[ENTRIES PROVIDED]:
_ _ _
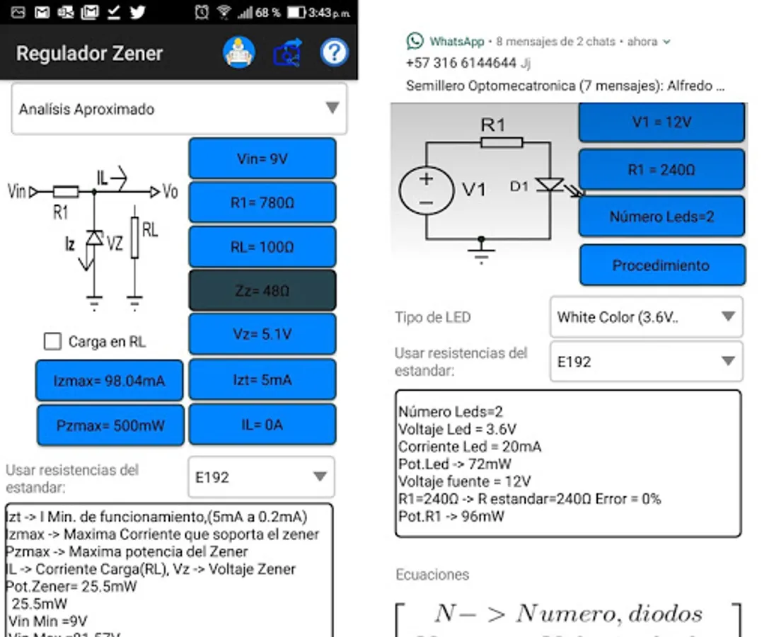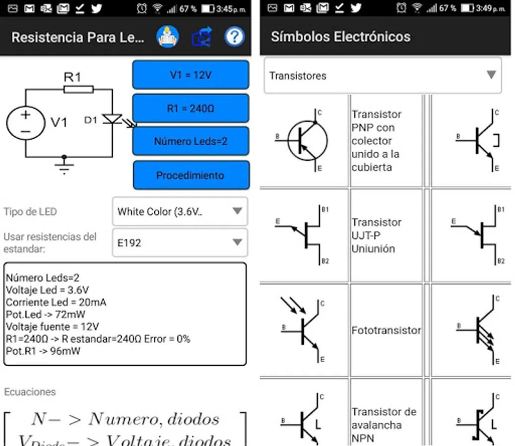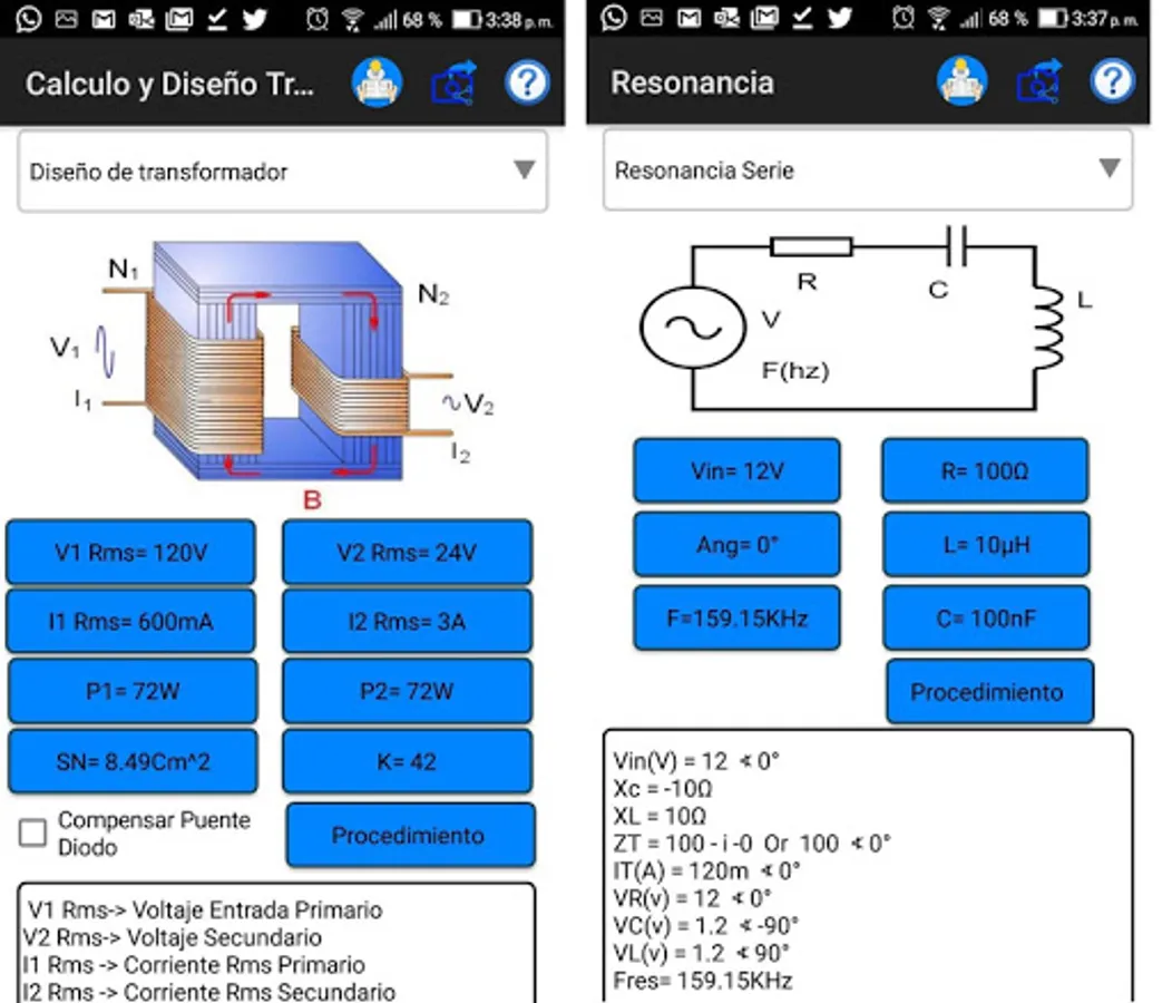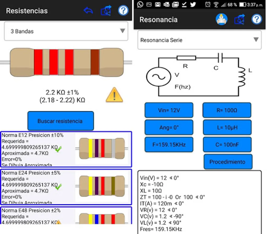 Calculator for electronic engineering and electronics lovers. With their respective calculation equations.
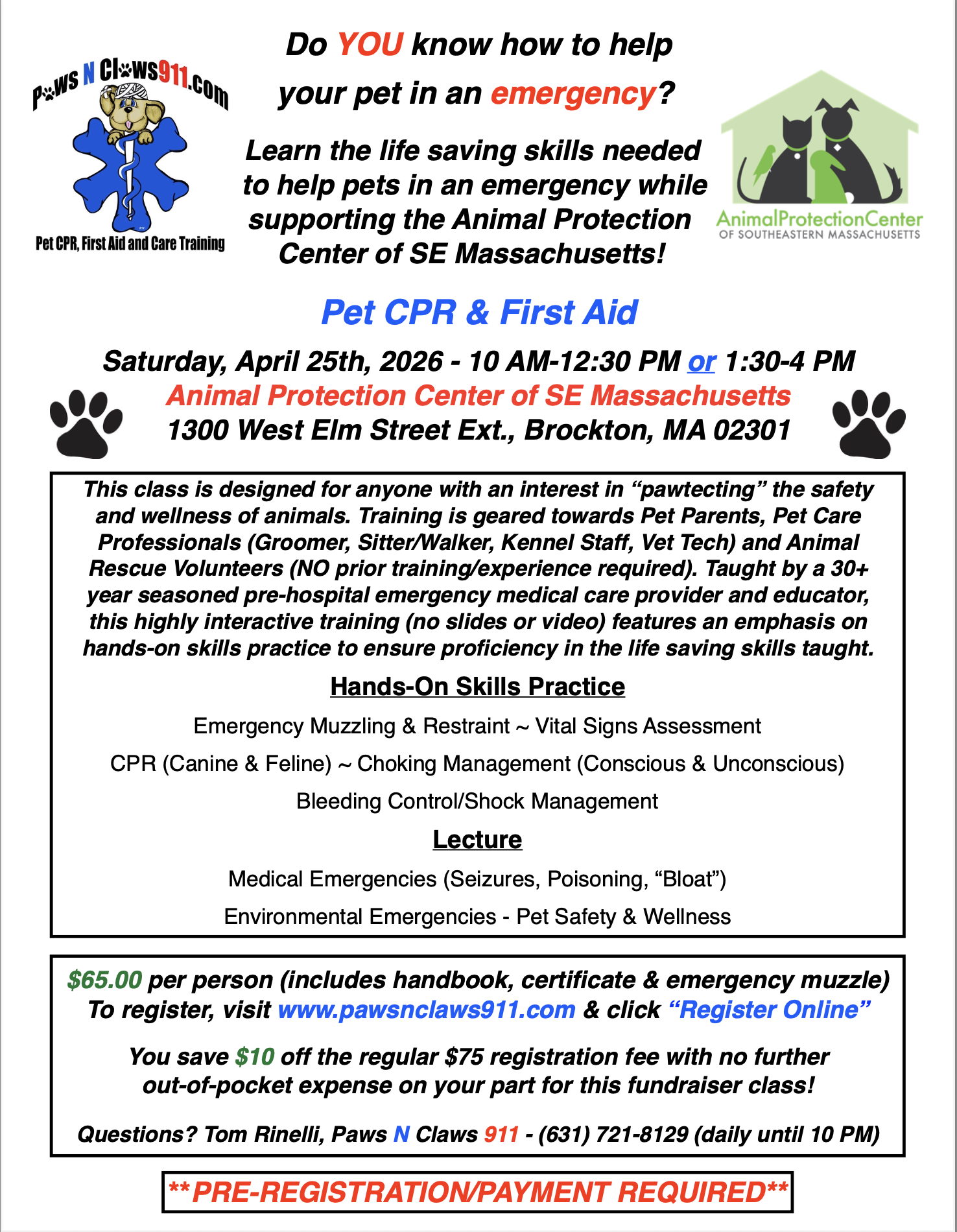 Register for 10 AM class: https://www.pawsnclaws911.com/.../pet-cpr-first-aid-3-23...
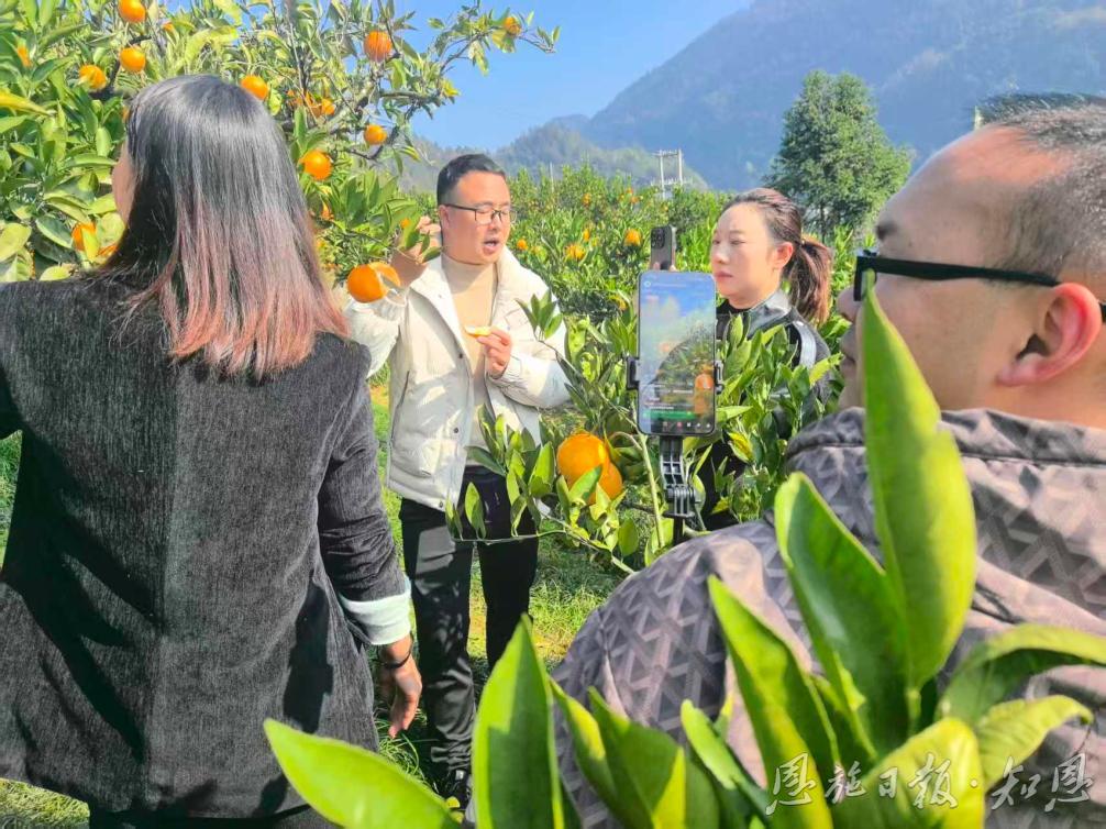村干部在长堰塘柑橘园里助农直播。蒲丹 摄
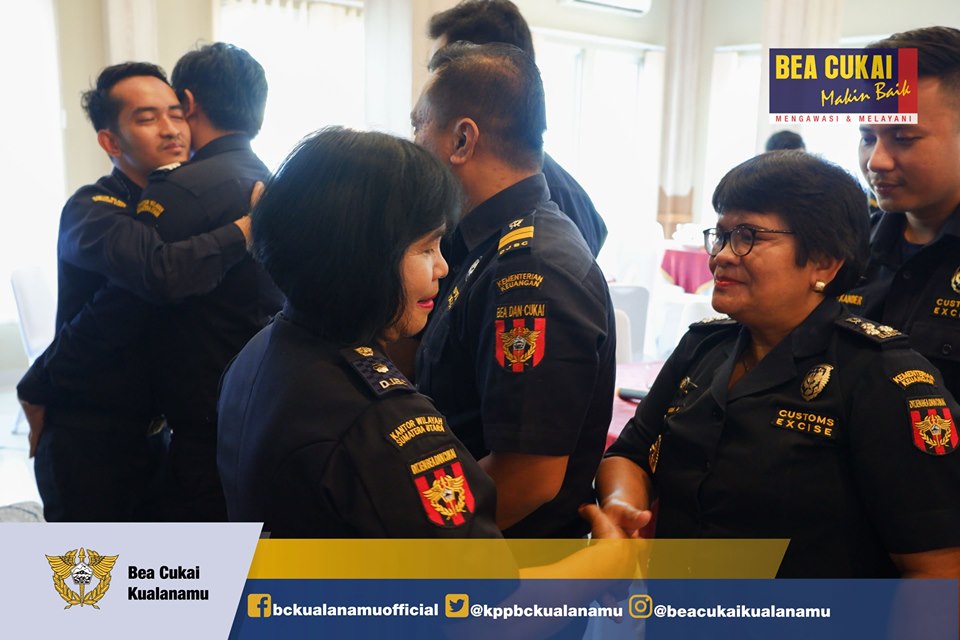 Kualanamu (28/06) – Bea Cukai Kualanamu mengadakan acara perpisahan atas pegawai yang pensiun dan mutasi pada Jumat (28/06/2019) di Jupiter Cafe Bea Cukai Kualanamu. Elseria Pasaribu yang memasuki masa purna bakti dan Jaya Sewiatan Gulo yang dimutasi ke Sekretariat Kementerian Keuangan di Jakarta per 1 Juli 2019.
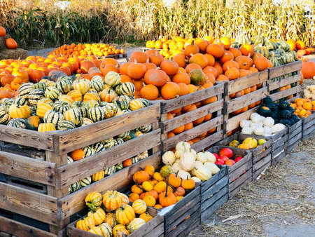 Different autumn shapes and kinds of pumpkins in wooden containers at farm house.
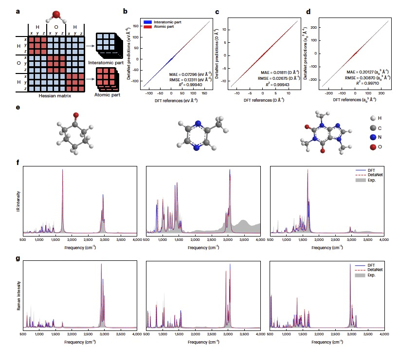预测分子的振动光谱:在这一部分研究中,作者将DetaNet的精确等变属性预测能力与谐振子近似相结合,开发了方法来预测分子的振动光谱。在深度学习中训练和预测Hessian矩阵是一项挑战,因为在现有框架中计算二阶交叉偏导数在计算上非常昂贵。尽管以前有一些研究通过训练原子力来预测Hessian矩阵,但准确度不高且成本较高。因此,作者提出了一种计算Hessian矩阵的算法。如图1a所示,Hessian矩阵被分为原子张量Hi和原子间张量Hij,分别进行训练和预测。图1b比较了DetaNet对Hessian矩阵的预测与密度泛函理论(DFT)计算的结果。DetaNet的Hessian矩阵值预测值达到了99.94%的准确度。如图1c,d所示,DetaNet预测的偶极矩和偏振率的导数与DFT参考数据非常吻合。以环己酮、2-甲基吡嗪(评估集中的样本)和咖啡因(QM9S数据集中的样本)为例(见图1e),作者测试了DetaNet计算它们红外和拉曼光谱的性能。如图1f,g所示,DetaNet预测的红外和拉曼光谱与DFT计算结果几乎一致,并且与实验光谱非常吻合。
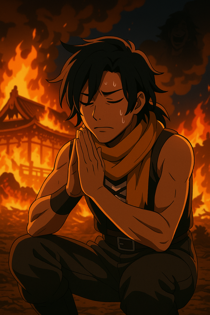 火の粉が舞い、五重塔の残骸が真っ赤に焼ける夜。
_ _ _
[WORK INSTRUCTION]: Pictures are to be left out; the records above must be repeated word for word.

[RESPONSE]:
 Calculator for electronic engineering and electronics lovers. With their respective calculation equations.
 Register for 10 AM class: https://www.pawsnclaws911.com/.../pet-cpr-first-aid-3-23...
村干部在长堰塘柑橘园里助农直播。蒲丹 摄
 Kualanamu (28/06) – Bea Cukai Kualanamu mengadakan acara perpisahan atas pegawai yang pensiun dan mutasi pada Jumat (28/06/2019) di Jupiter Cafe Bea Cukai Kualanamu. Elseria Pasaribu yang memasuki masa purna bakti dan Jaya Sewiatan Gulo yang dimutasi ke Sekretariat Kementerian Keuangan di Jakarta per 1 Juli 2019.
 Different autumn shapes and kinds of pumpkins in wooden containers at farm house.
预测分子的振动光谱:在这一部分研究中,作者将DetaNet的精确等变属性预测能力与谐振子近似相结合,开发了方法来预测分子的振动光谱。在深度学习中训练和预测Hessian矩阵是一项挑战,因为在现有框架中计算二阶交叉偏导数在计算上非常昂贵。尽管以前有一些研究通过训练原子力来预测Hessian矩阵,但准确度不高且成本较高。因此,作者提出了一种计算Hessian矩阵的算法。如图1a所示,Hessian矩阵被分为原子张量Hi和原子间张量Hij,分别进行训练和预测。图1b比较了DetaNet对Hessian矩阵的预测与密度泛函理论(DFT)计算的结果。DetaNet的Hessian矩阵值预测值达到了99.94%的准确度。如图1c,d所示,DetaNet预测的偶极矩和偏振率的导数与DFT参考数据非常吻合。以环己酮、2-甲基吡嗪(评估集中的样本)和咖啡因(QM9S数据集中的样本)为例(见图1e),作者测试了DetaNet计算它们红外和拉曼光谱的性能。如图1f,g所示,DetaNet预测的红外和拉曼光谱与DFT计算结果几乎一致,并且与实验光谱非常吻合。
 火の粉が舞い、五重塔の残骸が真っ赤に焼ける夜。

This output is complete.